(Records from a dataset)
------

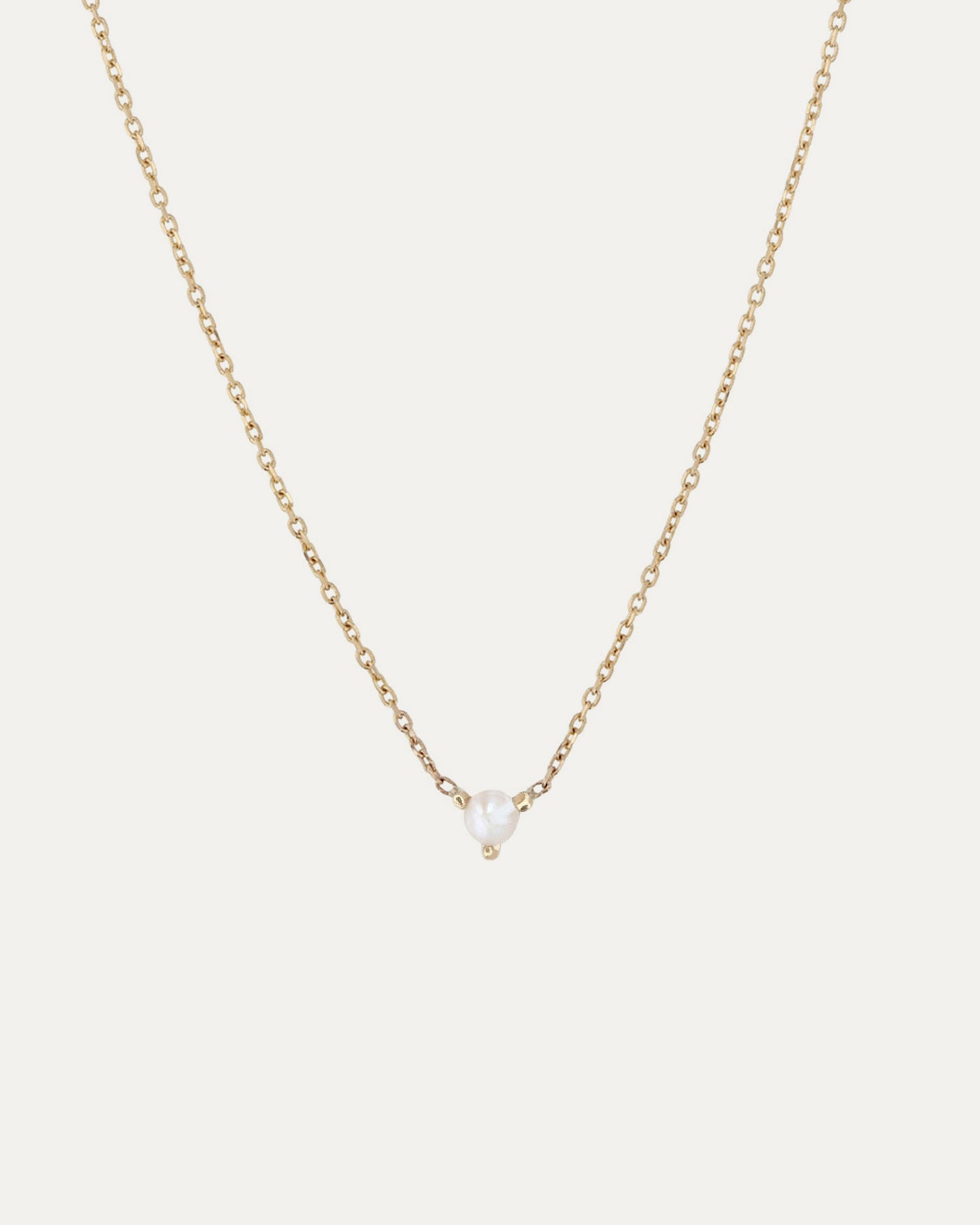 The Petite Pearl Birthstone Necklace is made in 14-karat gold and strung on our signature fine chain. Featuring precious gemstones corresponding to the month you were born. June's pearl has the symbolic meaning of purity & protection against nervous thoughts.
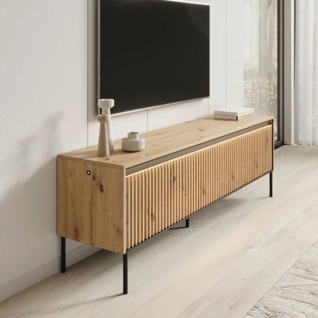Daarnaast is het tv-meubel uitgerust met geïntegreerde ledverlichting. Dit zorgt voor een sfeervol accent in de woonkamer en maakt het bovenblad extra geschikt voor decoratieve items.
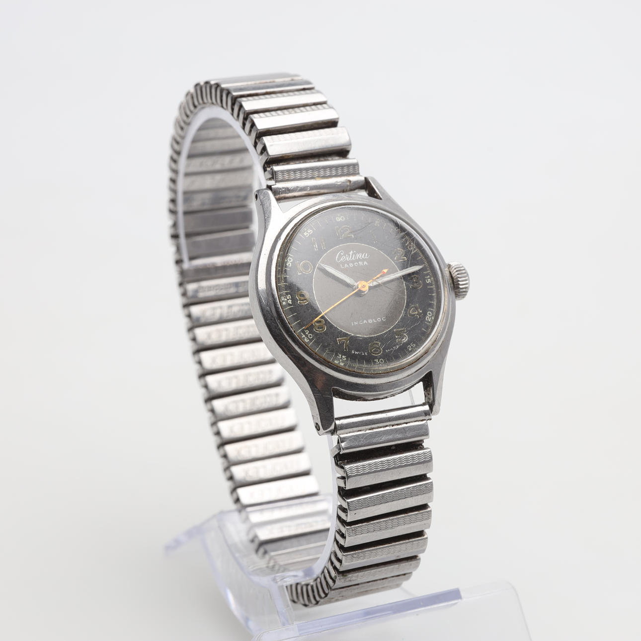 Bruksslitage, sliten urtavla, färgbortfall på siffror, repigt plastglas. Fungerade ej vid katalogiseringstillfället. Ingen funktionsgaranti lämnas.
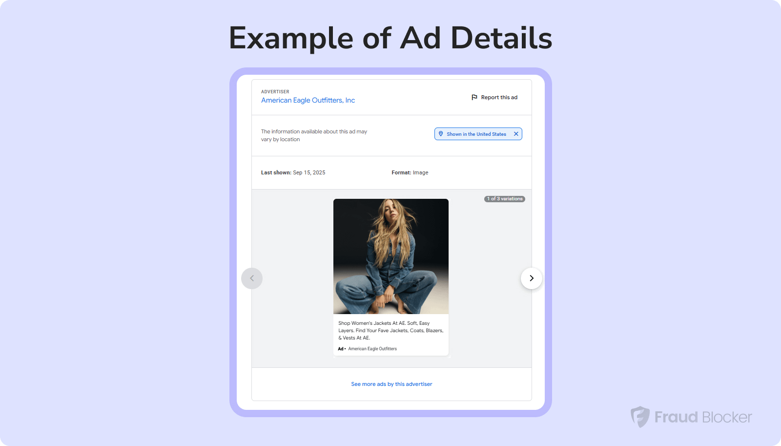 - Advertiser details: Who’s running the ad, including their verified name and country the ad is shown.
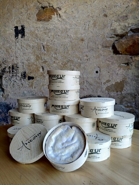 Der Vacherin du Mont d’Or ist ein saisonaler Käse, der nur zwischen dem 10. September und dem 10. Mai verkauft wird. Dieser hier stammt von der Fromagerie Sancey in Métabief am Fuße des Mont d’Or (1419m). Das Gebiet grenzt an die Schweiz, oberhalb des Neuenburger Sees.
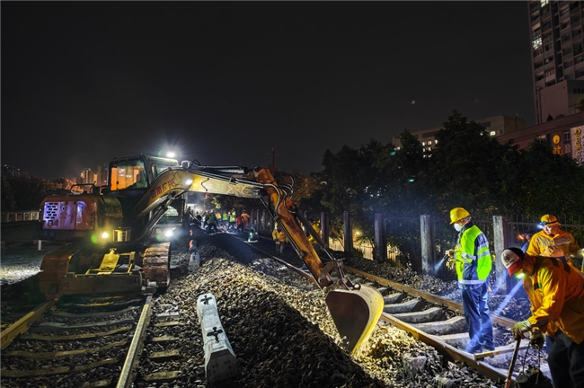“天窗命令已下达,可以作业!”11月26日晚上,随着施工负责人、肇庆综合维修车间副主任李尧一声令下,职工们各司其职,有条不紊地开始了轨枕加密作业。
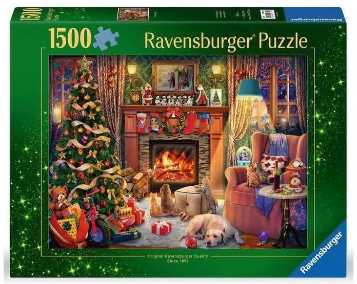 Ravensburger 1500 db-os puzzle - Christmas Edition - Szenteste  képén egy díszes nappali jelenik meg ünnepi hangulatban és házi kedvencekkel.

------

### PROBLEM TO WORK ON
Once you find the line containing "Der Vacherin du", transcribe it and each line after it to the end of the records exactly, and leave out the pictures.

### RESULT FOR THIS TASK
 Der Vacherin du Mont d’Or ist ein saisonaler Käse, der nur zwischen dem 10. September und dem 10. Mai verkauft wird. Dieser hier stammt von der Fromagerie Sancey in Métabief am Fuße des Mont d’Or (1419m). Das Gebiet grenzt an die Schweiz, oberhalb des Neuenburger Sees.
“天窗命令已下达,可以作业!”11月26日晚上,随着施工负责人、肇庆综合维修车间副主任李尧一声令下,职工们各司其职,有条不紊地开始了轨枕加密作业。
 Ravensburger 1500 db-os puzzle - Christmas Edition - Szenteste  képén egy díszes nappali jelenik meg ünnepi hangulatban és házi kedvencekkel.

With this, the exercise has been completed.